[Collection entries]
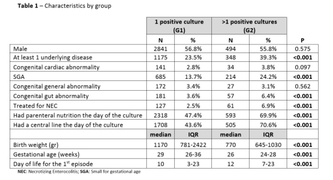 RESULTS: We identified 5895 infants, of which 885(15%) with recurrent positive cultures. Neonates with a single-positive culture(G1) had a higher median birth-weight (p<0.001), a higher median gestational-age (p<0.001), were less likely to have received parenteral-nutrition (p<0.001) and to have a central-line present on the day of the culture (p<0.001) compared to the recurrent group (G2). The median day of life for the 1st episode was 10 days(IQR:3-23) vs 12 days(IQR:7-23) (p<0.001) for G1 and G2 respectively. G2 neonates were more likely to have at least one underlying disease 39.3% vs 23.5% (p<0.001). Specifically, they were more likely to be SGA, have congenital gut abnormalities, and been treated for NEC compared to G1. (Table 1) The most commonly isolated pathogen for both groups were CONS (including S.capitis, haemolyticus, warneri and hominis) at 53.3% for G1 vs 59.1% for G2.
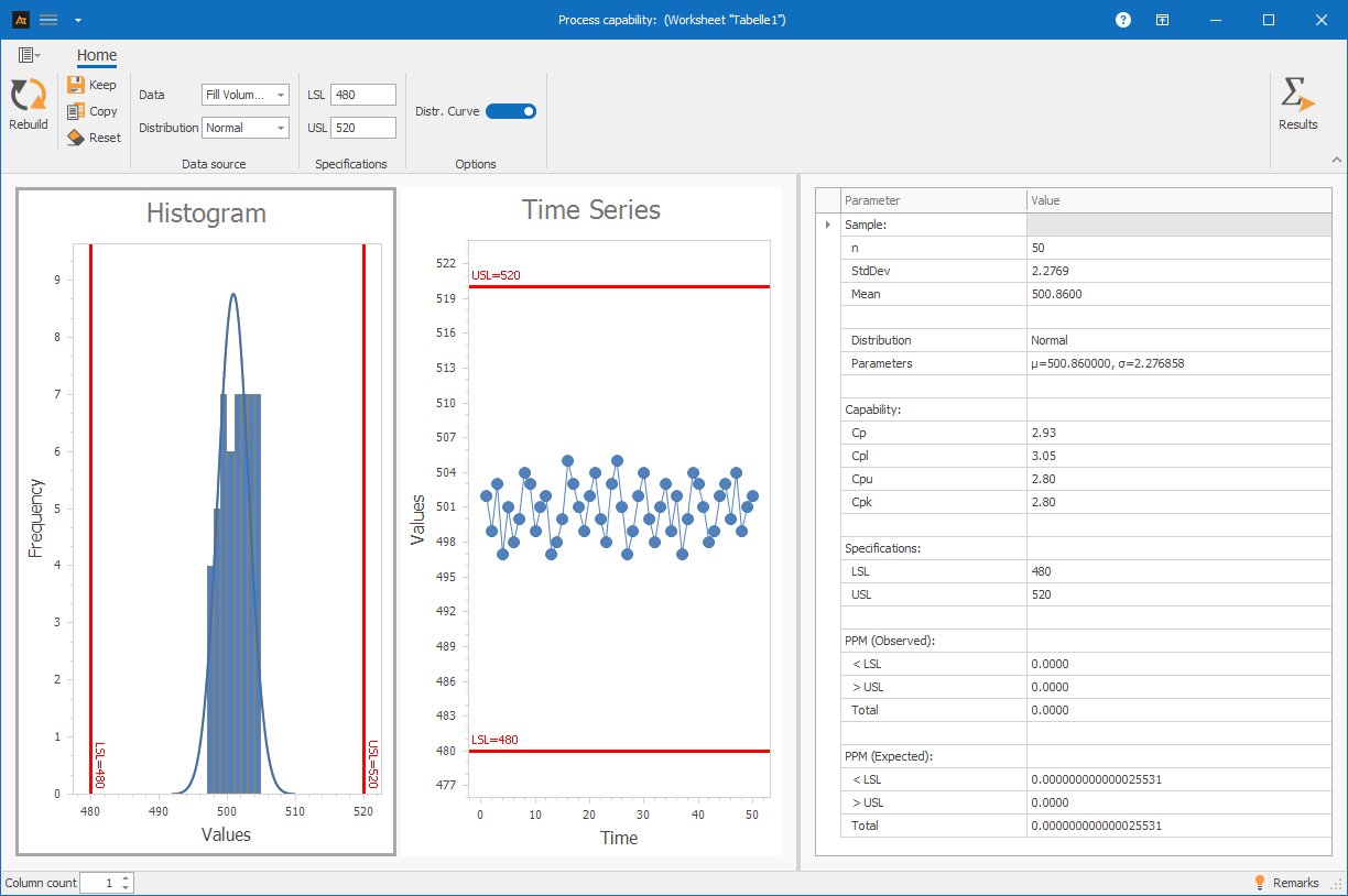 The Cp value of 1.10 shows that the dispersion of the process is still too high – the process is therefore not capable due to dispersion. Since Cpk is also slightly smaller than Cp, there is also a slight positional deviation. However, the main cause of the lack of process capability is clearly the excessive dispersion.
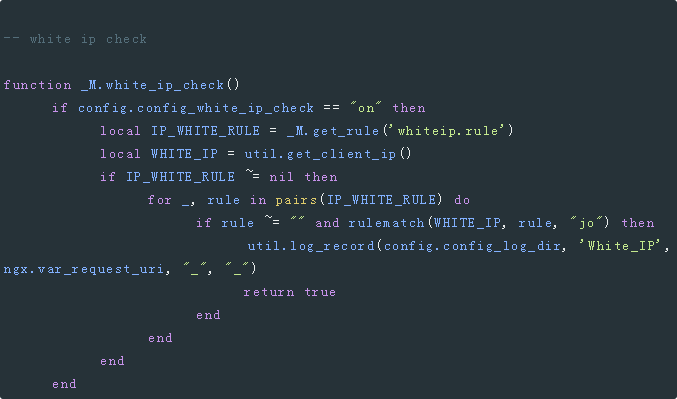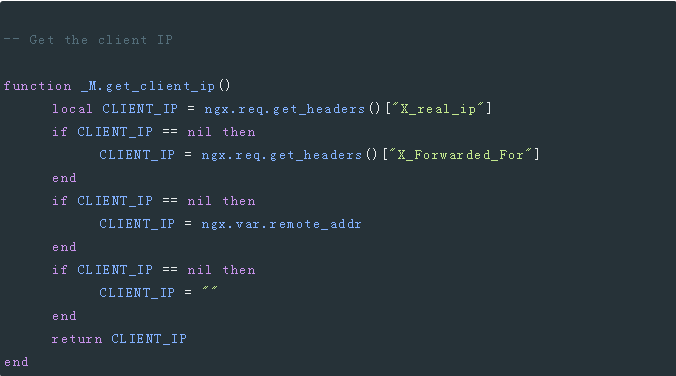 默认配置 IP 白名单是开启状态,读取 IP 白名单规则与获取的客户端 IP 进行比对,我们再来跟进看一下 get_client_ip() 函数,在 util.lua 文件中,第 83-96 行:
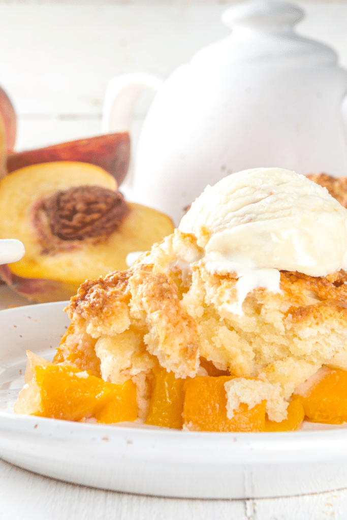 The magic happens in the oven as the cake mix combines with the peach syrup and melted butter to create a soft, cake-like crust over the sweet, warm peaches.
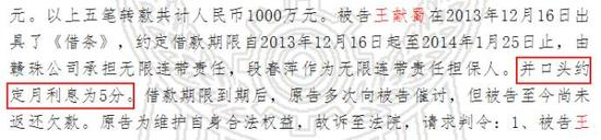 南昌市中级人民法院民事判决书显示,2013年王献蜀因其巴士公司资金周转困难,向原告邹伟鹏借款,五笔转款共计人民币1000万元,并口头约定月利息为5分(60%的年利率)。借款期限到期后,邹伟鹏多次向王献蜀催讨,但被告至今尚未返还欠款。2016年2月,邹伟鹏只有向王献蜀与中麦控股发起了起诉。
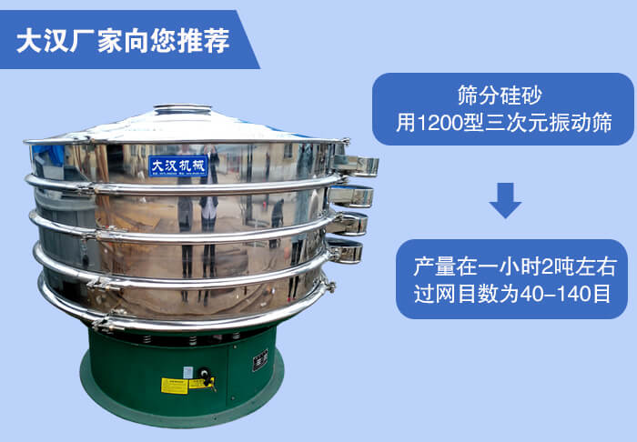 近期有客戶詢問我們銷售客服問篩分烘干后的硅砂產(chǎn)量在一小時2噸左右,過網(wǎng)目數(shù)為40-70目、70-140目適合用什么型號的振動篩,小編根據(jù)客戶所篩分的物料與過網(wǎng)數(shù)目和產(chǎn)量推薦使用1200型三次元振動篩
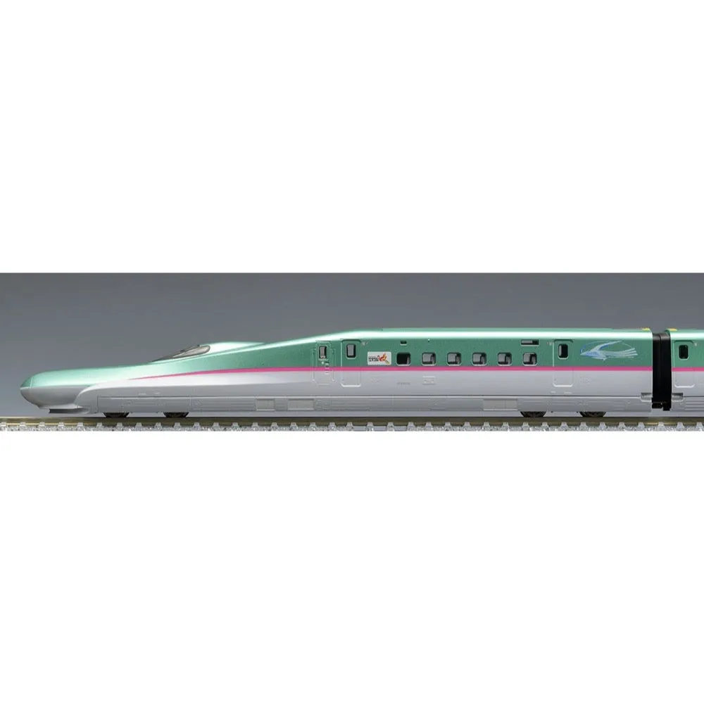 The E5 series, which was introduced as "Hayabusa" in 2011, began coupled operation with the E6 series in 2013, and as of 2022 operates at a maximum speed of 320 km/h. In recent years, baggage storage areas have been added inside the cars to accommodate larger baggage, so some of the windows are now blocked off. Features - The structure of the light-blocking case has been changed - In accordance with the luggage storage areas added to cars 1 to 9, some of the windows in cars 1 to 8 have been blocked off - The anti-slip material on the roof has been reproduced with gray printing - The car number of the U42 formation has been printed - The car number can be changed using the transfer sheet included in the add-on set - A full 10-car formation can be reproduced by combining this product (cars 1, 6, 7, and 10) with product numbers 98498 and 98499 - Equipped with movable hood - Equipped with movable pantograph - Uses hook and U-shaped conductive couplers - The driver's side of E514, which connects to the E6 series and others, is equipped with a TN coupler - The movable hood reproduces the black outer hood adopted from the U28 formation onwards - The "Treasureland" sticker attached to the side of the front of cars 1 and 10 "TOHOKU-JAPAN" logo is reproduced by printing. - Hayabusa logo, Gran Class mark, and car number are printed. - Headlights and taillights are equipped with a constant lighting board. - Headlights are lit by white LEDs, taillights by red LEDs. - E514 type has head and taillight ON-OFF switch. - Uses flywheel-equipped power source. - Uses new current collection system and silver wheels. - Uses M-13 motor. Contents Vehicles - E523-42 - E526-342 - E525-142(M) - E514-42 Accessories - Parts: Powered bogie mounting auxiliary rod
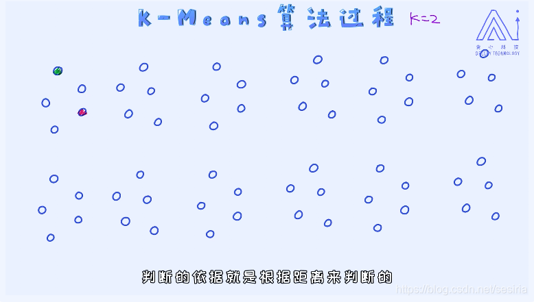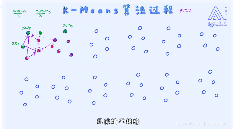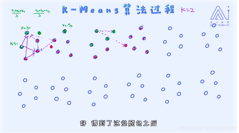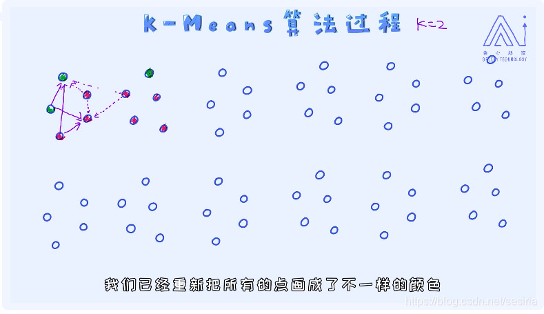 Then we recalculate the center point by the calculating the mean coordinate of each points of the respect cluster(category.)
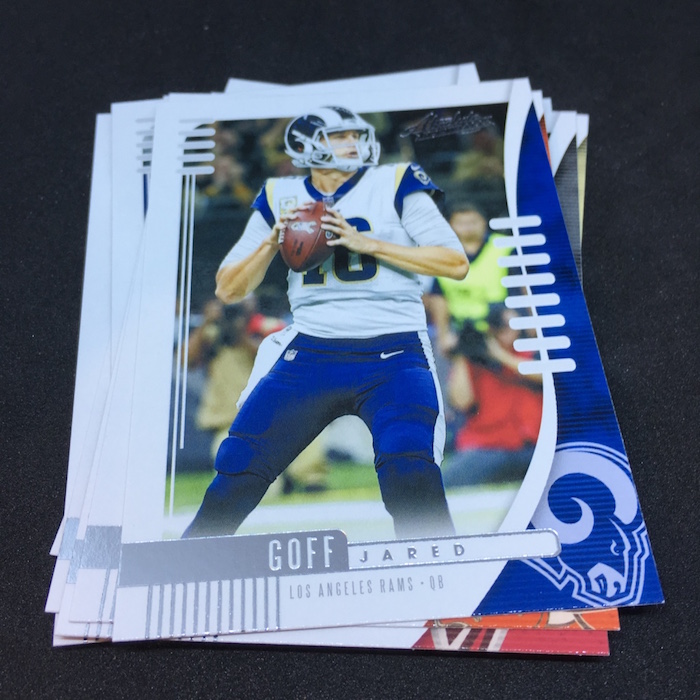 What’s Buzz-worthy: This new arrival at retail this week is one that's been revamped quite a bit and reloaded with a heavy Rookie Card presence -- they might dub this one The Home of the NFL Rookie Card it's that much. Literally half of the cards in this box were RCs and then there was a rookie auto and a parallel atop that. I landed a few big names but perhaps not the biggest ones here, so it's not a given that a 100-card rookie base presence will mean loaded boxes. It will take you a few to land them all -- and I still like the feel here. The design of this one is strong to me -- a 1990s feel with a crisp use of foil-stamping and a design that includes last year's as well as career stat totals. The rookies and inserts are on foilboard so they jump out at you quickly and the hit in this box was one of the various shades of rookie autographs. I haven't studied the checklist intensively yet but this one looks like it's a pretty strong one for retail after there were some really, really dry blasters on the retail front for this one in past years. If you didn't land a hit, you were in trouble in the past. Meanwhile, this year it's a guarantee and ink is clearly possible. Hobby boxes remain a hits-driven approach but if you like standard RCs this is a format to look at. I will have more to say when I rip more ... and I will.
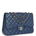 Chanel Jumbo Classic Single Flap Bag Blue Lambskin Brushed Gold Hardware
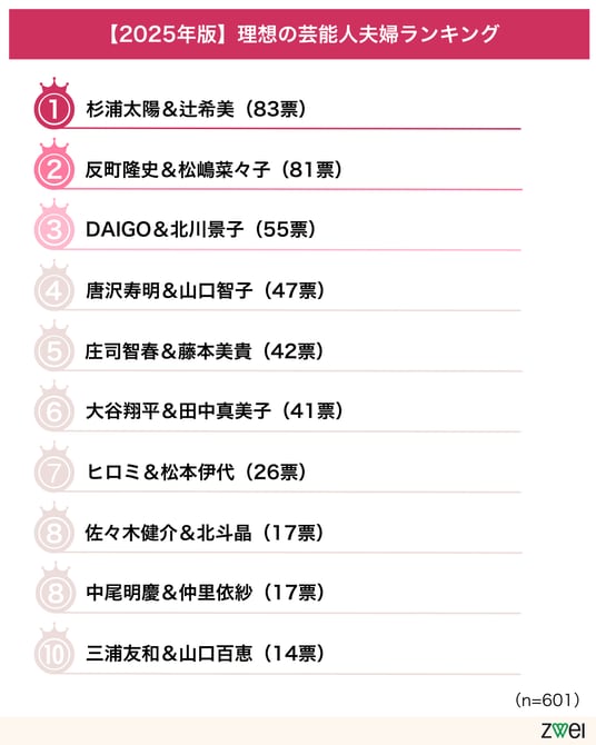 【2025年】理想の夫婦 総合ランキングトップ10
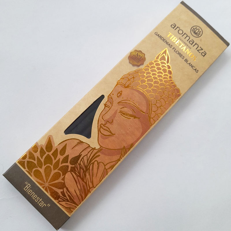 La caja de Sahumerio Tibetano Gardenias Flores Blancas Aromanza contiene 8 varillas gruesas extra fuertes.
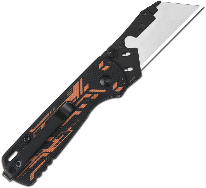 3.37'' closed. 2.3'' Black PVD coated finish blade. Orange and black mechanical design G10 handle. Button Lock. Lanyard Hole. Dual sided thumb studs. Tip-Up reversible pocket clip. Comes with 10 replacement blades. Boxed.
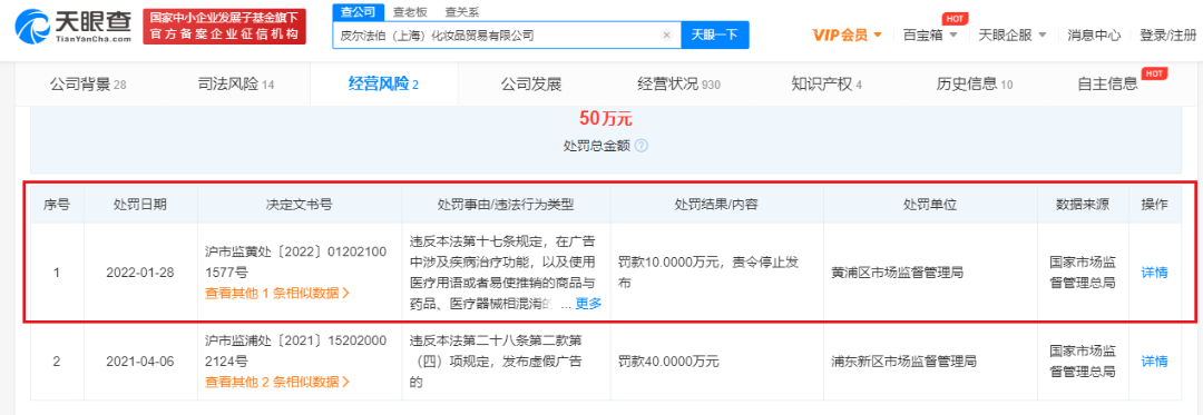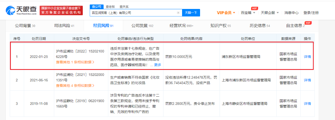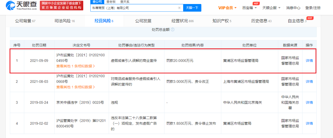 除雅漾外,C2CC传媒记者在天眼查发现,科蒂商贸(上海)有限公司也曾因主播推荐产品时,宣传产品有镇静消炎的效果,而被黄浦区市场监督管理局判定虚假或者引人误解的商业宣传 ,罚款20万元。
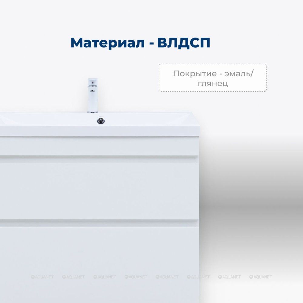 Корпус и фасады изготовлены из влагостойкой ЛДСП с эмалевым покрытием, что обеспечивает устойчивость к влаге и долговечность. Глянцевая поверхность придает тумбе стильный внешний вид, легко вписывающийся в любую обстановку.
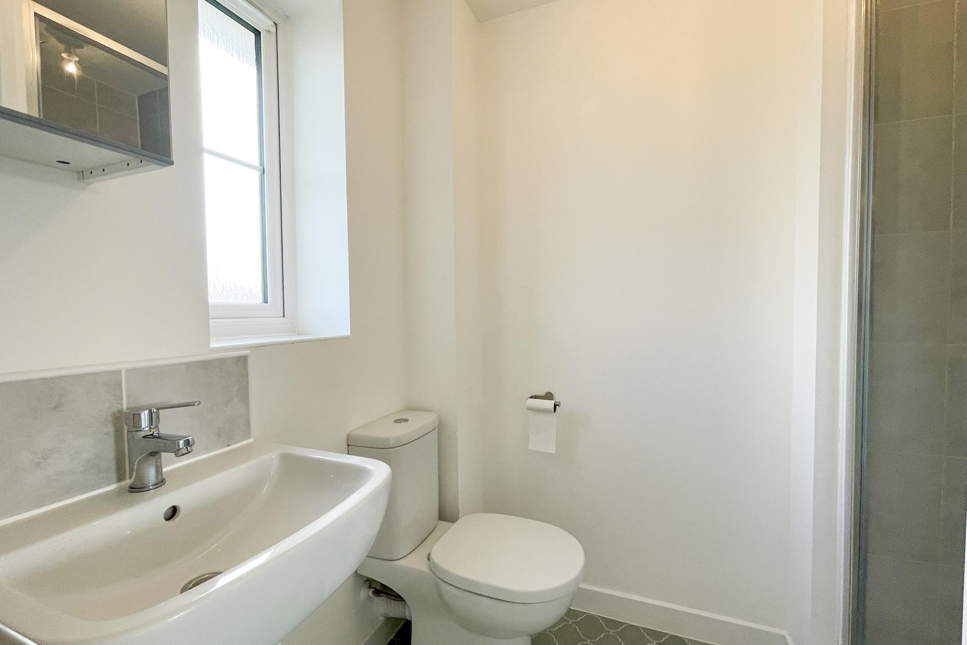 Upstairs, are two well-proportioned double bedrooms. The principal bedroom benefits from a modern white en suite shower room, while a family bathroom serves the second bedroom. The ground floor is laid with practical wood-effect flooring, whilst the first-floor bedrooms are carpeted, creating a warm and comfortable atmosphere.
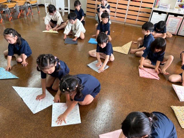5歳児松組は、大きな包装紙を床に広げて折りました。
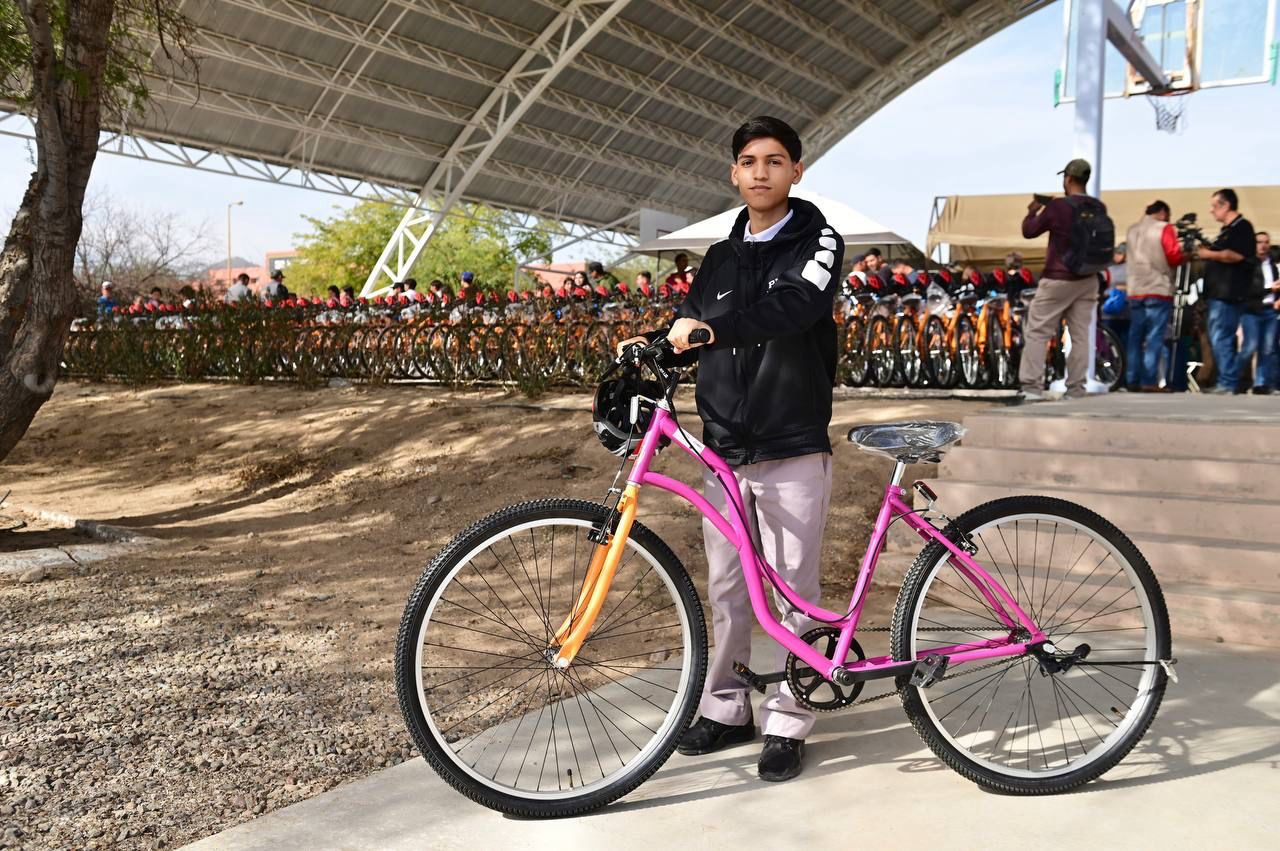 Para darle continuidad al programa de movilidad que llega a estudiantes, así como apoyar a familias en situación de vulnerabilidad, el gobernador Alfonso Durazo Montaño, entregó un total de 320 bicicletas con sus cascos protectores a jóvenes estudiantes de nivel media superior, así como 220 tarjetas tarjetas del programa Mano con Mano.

YOUR ASSIGNMENT:
Leave the pictures out. Extract exactly the lines running from the one with "Upstairs, are two" through the last entry, both ends included.

ANSWER TO THIS TASK:
 Upstairs, are two well-proportioned double bedrooms. The principal bedroom benefits from a modern white en suite shower room, while a family bathroom serves the second bedroom. The ground floor is laid with practical wood-effect flooring, whilst the first-floor bedrooms are carpeted, creating a warm and comfortable atmosphere.
5歳児松組は、大きな包装紙を床に広げて折りました。
 Para darle continuidad al programa de movilidad que llega a estudiantes, así como apoyar a familias en situación de vulnerabilidad, el gobernador Alfonso Durazo Montaño, entregó un total de 320 bicicletas con sus cascos protectores a jóvenes estudiantes de nivel media superior, así como 220 tarjetas tarjetas del programa Mano con Mano.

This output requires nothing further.